John Cochrane, a defence specialist at the London-based Exclusive Analyst risk consultancy, said he believed the bunker-busting MOP might make a difference. But he suggested Fordow was at the very limit of the bomb's capacities, which he said could reach down to a maximum of 60 metres.
"Repeated strikes by Tomahawk cruise missiles and MOP might be effective in penetrating the site, if it is not as deep as 80m but, even then, we question whether an attack would have the same level of assurance in terms of damage as strikes on other 'softer' sites," he told Reuters.
"We question from what little we have seen of open source imagery whether it is as deep as 80 metres. If it is, we don't know for a fact but we think that is probably too deep for any form of air-delivered munitions, including MOP Cyber attack or physical assault by Special Forces may be the only attack options."

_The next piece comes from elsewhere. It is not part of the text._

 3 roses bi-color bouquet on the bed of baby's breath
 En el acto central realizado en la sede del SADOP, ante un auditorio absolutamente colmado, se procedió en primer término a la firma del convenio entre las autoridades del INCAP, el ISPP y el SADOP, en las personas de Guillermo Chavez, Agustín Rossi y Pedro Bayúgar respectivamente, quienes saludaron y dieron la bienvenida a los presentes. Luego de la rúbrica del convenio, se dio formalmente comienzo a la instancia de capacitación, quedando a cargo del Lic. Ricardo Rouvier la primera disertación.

Cochrane noted that the supply of the MOP to Israel, even if the U.S. were prepared to release it, would also require a suitable aircraft to deliver it and Israelis did not have one.
ATTACKING "THE HARD WAY"
In a 2010 study titled "Options in Dealing with Iran's Nuclear Program," analysts Abdullah Toukan and Anthony Cordesman of the U.S. think tank the Center for Strategic and International Studies found that, if all peaceful options had been exhausted, the U.S. was the only country that could launch a successful military strike.
Even that study predicated its finding on a strike merely blocking Fordow's two entrances, not destroying the underground chamber.
But in a November 2011 article in Israel's Tablet magazine, Columbia Univeristy's Long concluded that Israel had the ability to attack the Fordow site using 75 bunker busters, each delivering a smaller explosive charge of about 1,000 pounds. However, he said it would require an unprecedented level of precision.
Long's scenario sees Israeli jets having "to do things the hard way", delivering 75 bunker busters on a single point to burrow through the rock.
There were two principal challenges, he said.
First, the weapons themselves, dropped from miles away and thousands of feet in the air, had to arrive at very close to the same angle to create a pathway each subsequent weapon could follow, he wrote. "Otherwise much of the penetrating power of the bombs will be wasted".
The second unknown was the "spoil problem", where the sides of the pathway, destroyed by previous explosions, clog the pathway for subsequent bombs.
Long subsequently told Reuters in emailed remarks the main feedback he had had from militry readers was that "the kind of operation I discuss is really, really hard to coordinate."
"I agree, though I don't think that makes it impossible, just very difficult, as I noted."